🤖 AI Summary
This paper addresses the real-time order batching problem in dynamic food-delivery scenarios, aiming to minimize total travel distance while balancing immediate matching gains against the strategic retention of orders to enhance future batching opportunities. To this end, we propose a potential-energy-driven greedy strategy (PB), which—uniquely—uses geographic potential energy of orders as the primary decision criterion, eliminating reliance on demand forecasting or historical statistics. We further design a lightweight, spatial-topology-based heuristic algorithm and provide a worst-case theoretical performance guarantee, proving its superiority over naive greedy approaches. Extensive simulations across multiple scenarios—using both synthetic data and real-world order traces from Meituan—demonstrate that PB consistently outperforms state-of-the-art batch-processing and prediction-aware baselines in distance savings, validating its effectiveness and irreplaceability for global route optimization.
📝 Abstract
We study the problem of pooling together delivery orders into a single trip, a strategy widely adopted by platforms to reduce total travel distance. Similar to other dynamic matching settings, the pooling decisions involve a trade-off between immediate reward and holding jobs for potentially better opportunities in the future.

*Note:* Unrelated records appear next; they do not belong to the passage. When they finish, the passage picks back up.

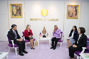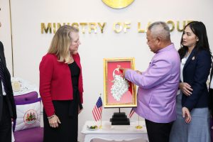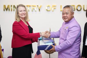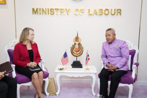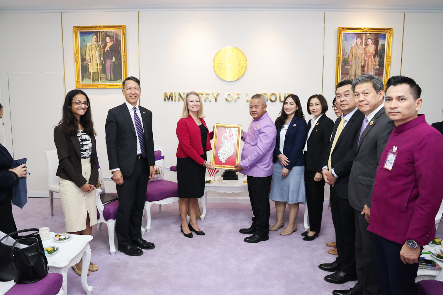 ด้าน คุณดิน่า บราวน์โลว์ ที่ปรึกษาฝ่ายการเมือง สถานเอกอัครราชทูตสหรัฐอเมริกาประจำประเทศไทย กล่าวว่า ขอบคุณท่านปลัดกระทรวงแรงงาน และคณะ ที่ให้โอกาสเข้าพบในวันนี้ และยินดีที่กลุ่มแรงงานได้รับการปล่อยตัว เราพยายามอย่างยิ่งในฐานะผู้ประสานงาน และขอบคุณกระทรวงแรงงานในการพัฒนามาตรฐานการคุ้มครองแรงงาน และให้ความร่วมมือในทุกด้านเป็นอย่างดี ครอบคลุมถึงความร่วมมือในการรวบรวมรายงานต่างๆ ตลอดจนความร่วมมือในอนาคตต่อไปด้วย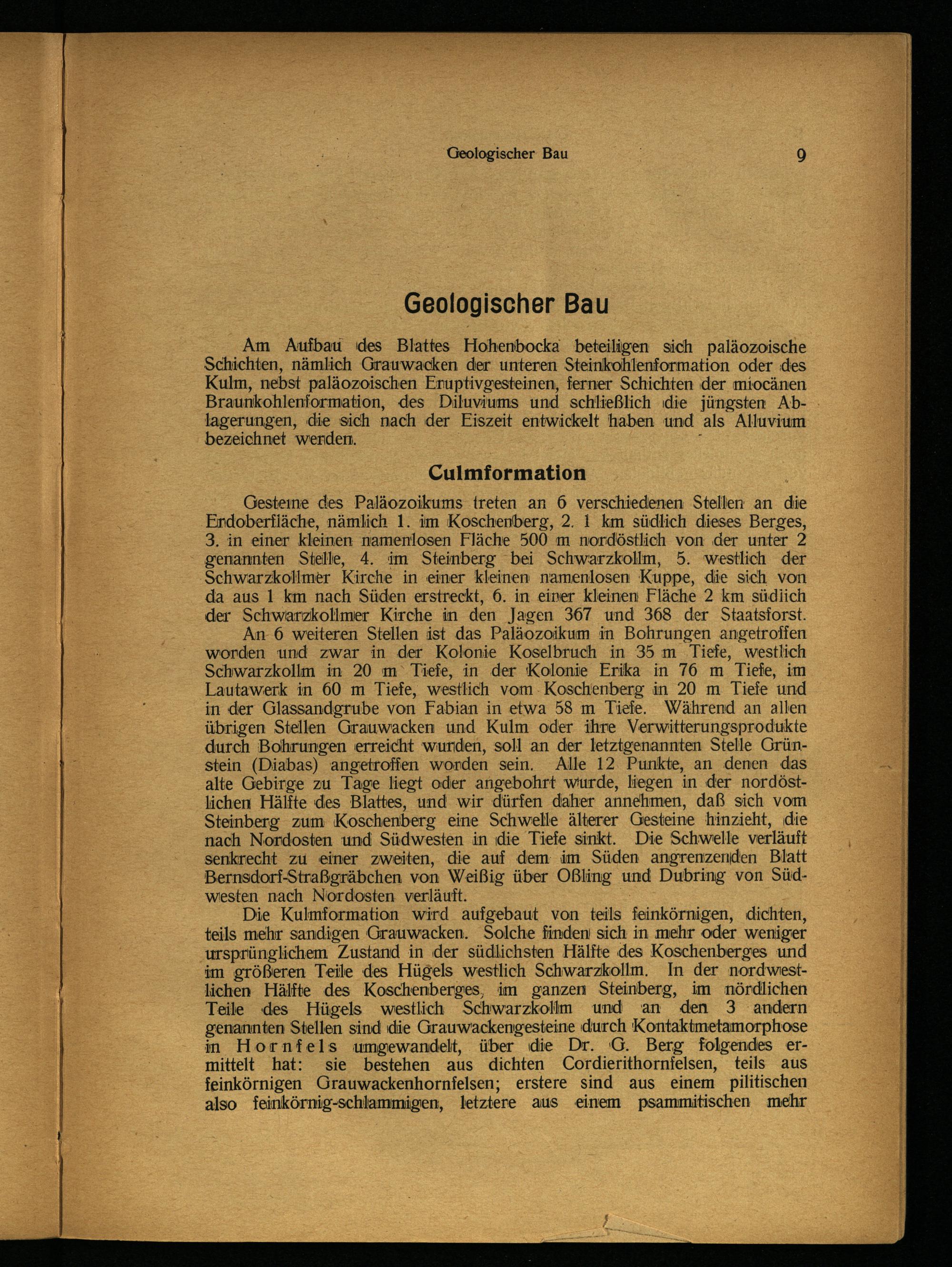 Die Kulmformation wird aufgebaut von teils feinkörnigen, dichten, teils mehr sandigen Grauwacken. Solche finden sich in mehr oder weniger ursprünglichem Zustand in der südlichsten Hälfte des Koschenberges und im größeren Teile des Hügels westlich Schwarzkollm . In der nordwestlichen Hälfte des Koschenberges, im ganzen Steinberg, im nördlichen Teile des Hügels westlich Schwarzkollm und an den 3 andern genannten Stellen sind die Grauwackengesteine durch Kontaktmetamorphose in Hornfels umgewandelt, über ıdie Dr. G. Berg folgendes ermittelt hat: sie bestehen aus dichten Cordierithornfelsen, teils aus feinkörnigen Grauwackenhornfelsen; erstere sind aus einem Ppilitischen also feinkörnig-schlammigen, letztere aus einem psammitischen mehr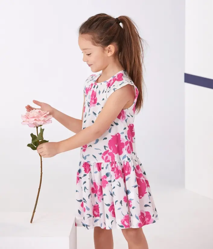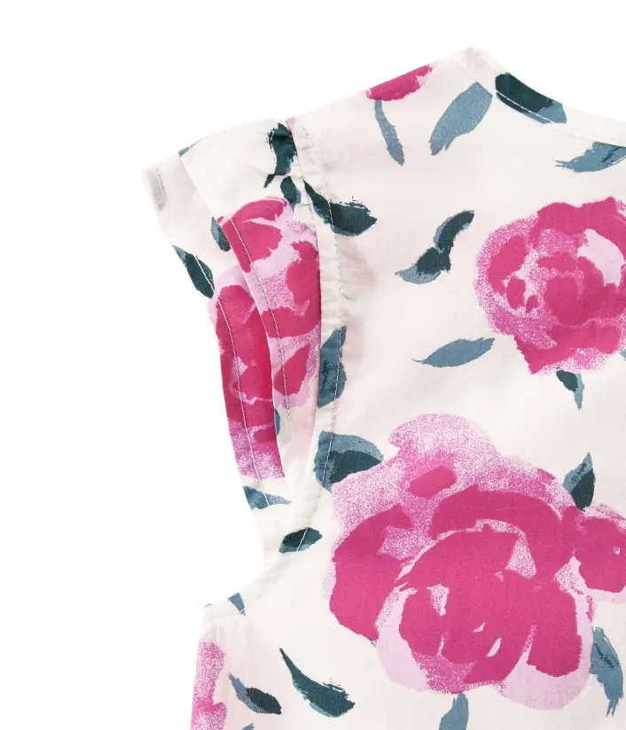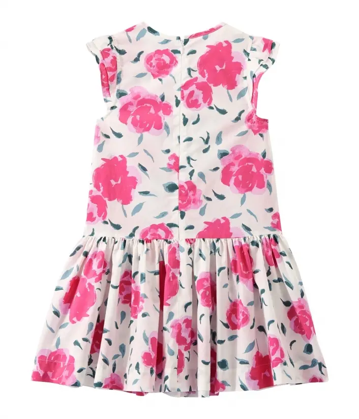 Сукня з попліну з яскравим квітковим принтом. Застібається на блискавку на спині. Склад: 100% бавовна.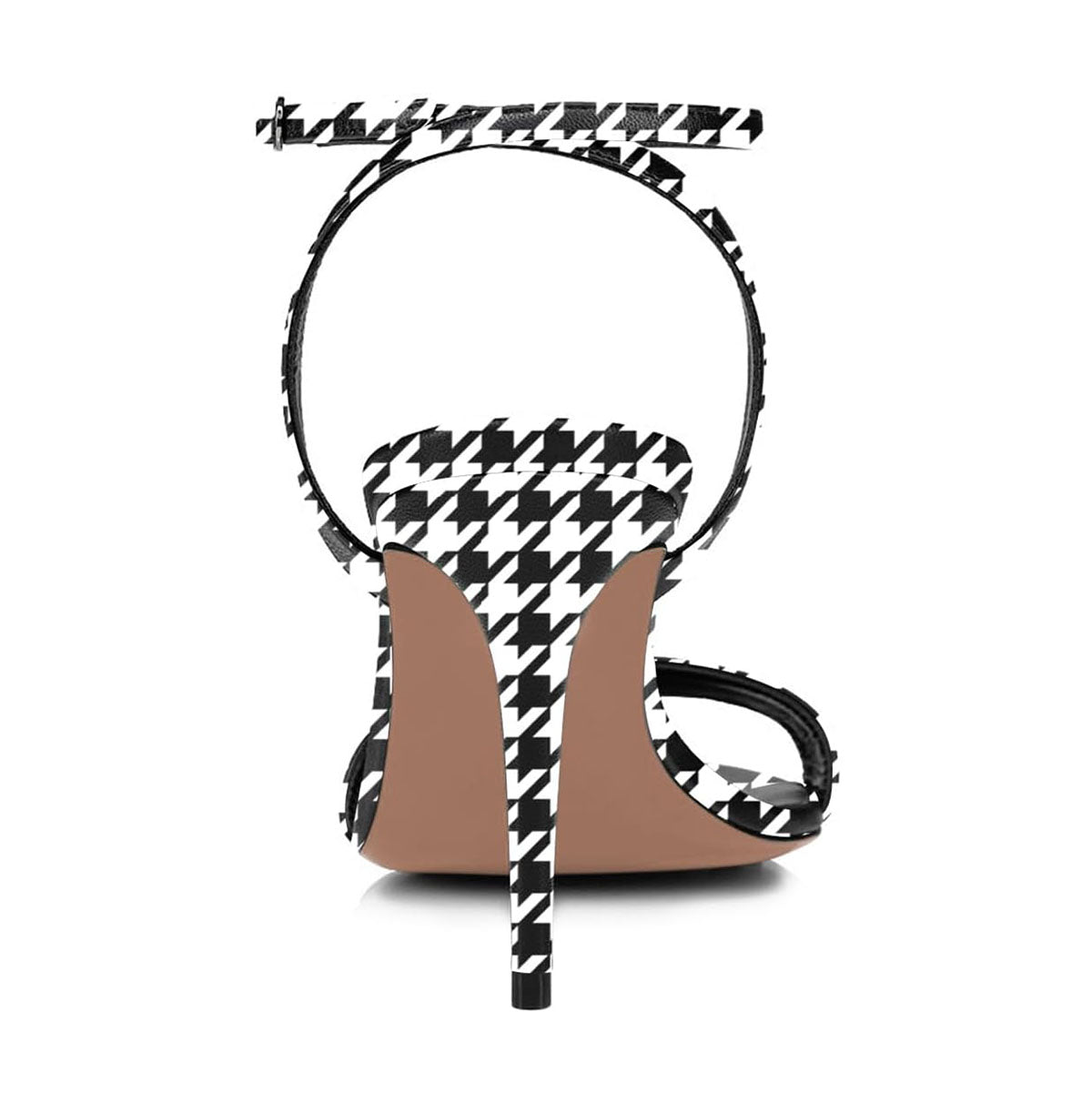 - Special Designs: The sandals feature houndstooth design with a buckle ankle strap and a stiletto heel.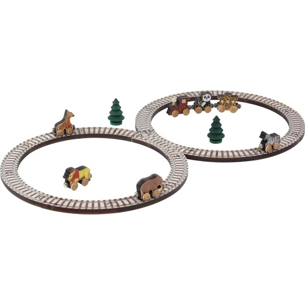 Create your own wild Safari. Our medium-size NameTrain set has 26 pieces. Includes: figure-8 track (12 curved pieces, 4 six-inch straight pieces, 1 crossover) measuring 17" X 39", tiger train engine, giraffe, lion, elephant, zebra, panda, leopard caboose, and 2 trees.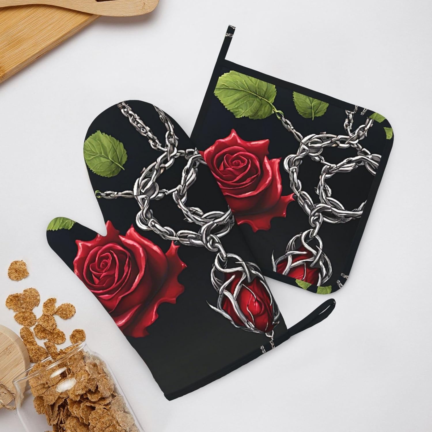 Be the first to review “Oven Mitts and Pot Holders for Outdoor Cooking Baking BBQs Heat Resistant Polyester Silicone Oven Gloves Hot Pads, Kitchen Accessories Must Haves List – Gothic Black Roses”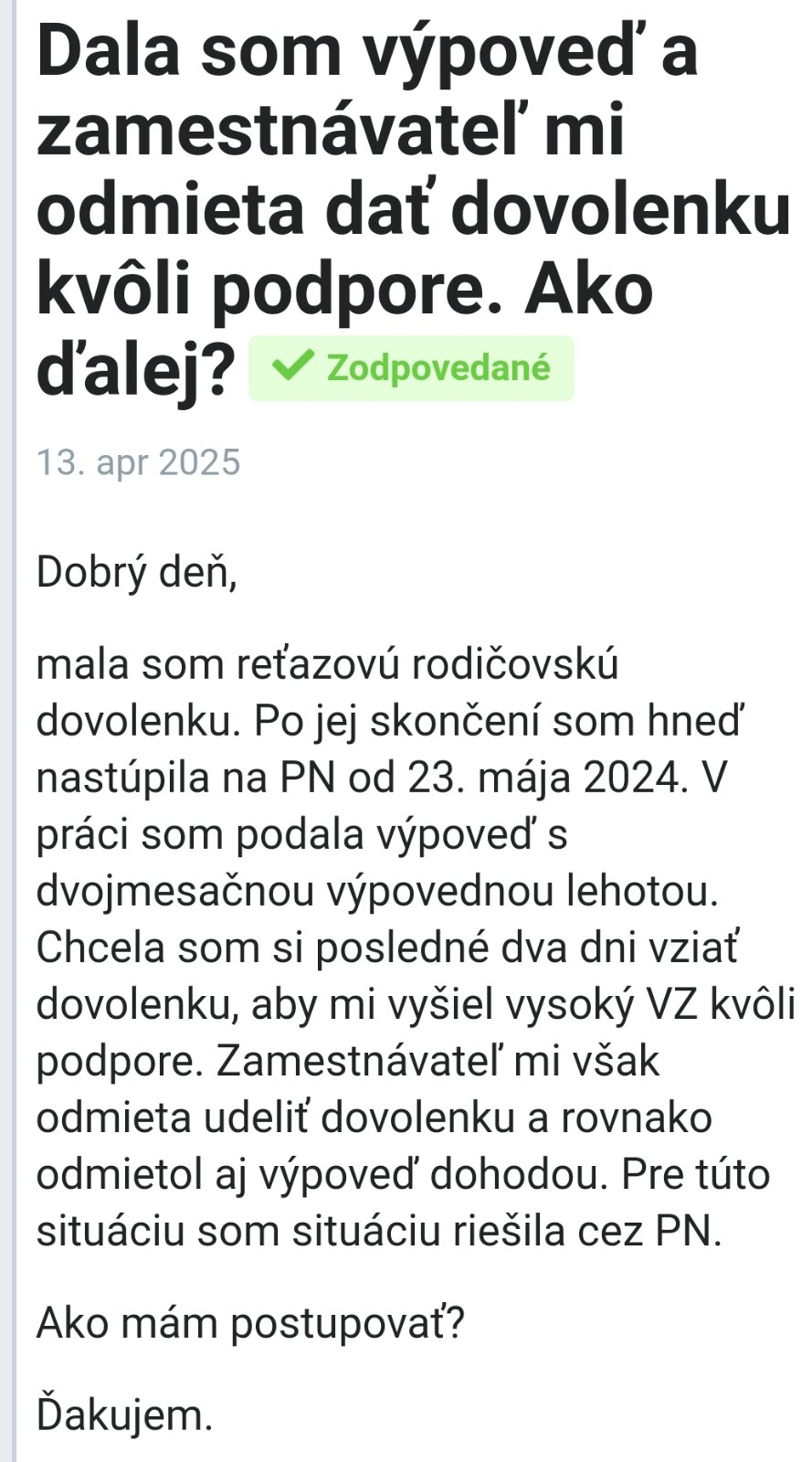 @0silvia0 hej chapem to nebolo v zlom, ja tiez nechapem ako niekto ide na par mesiacov na PN len tak bez vazneho dovodu to v tej praci nechyba? Musia za neho ini robit

In this paper, we introduce a new heuristic dubbed potential-based greedy (PB), which aims to keep longer-distance jobs in the system, as they have higher potential reward (distance savings) from being pooled with other jobs in the future. This algorithm is simple in that it depends solely on the topology of the space, and does not rely on forecasts or partial information about future demand arrivals. We prove that PB significantly improves upon a naive greedy approach in terms of worst-case performance on the line. Moreover, we conduct extensive numerical experiments using both synthetic and real-world order-level data from the Meituan platform. Our simulations show that PB consistently outperforms not only the naive greedy heuristic but a number of benchmark algorithms, including (i) batching-based heuristics that are widely used in practice, and (ii) forecast-aware heuristics that are given the correct probability distributions (in synthetic data) or a best-effort forecast (in real data). We attribute the surprising unbeatability of PB to the fact that it is specialized for rewards defined by distance saved in delivery pooling.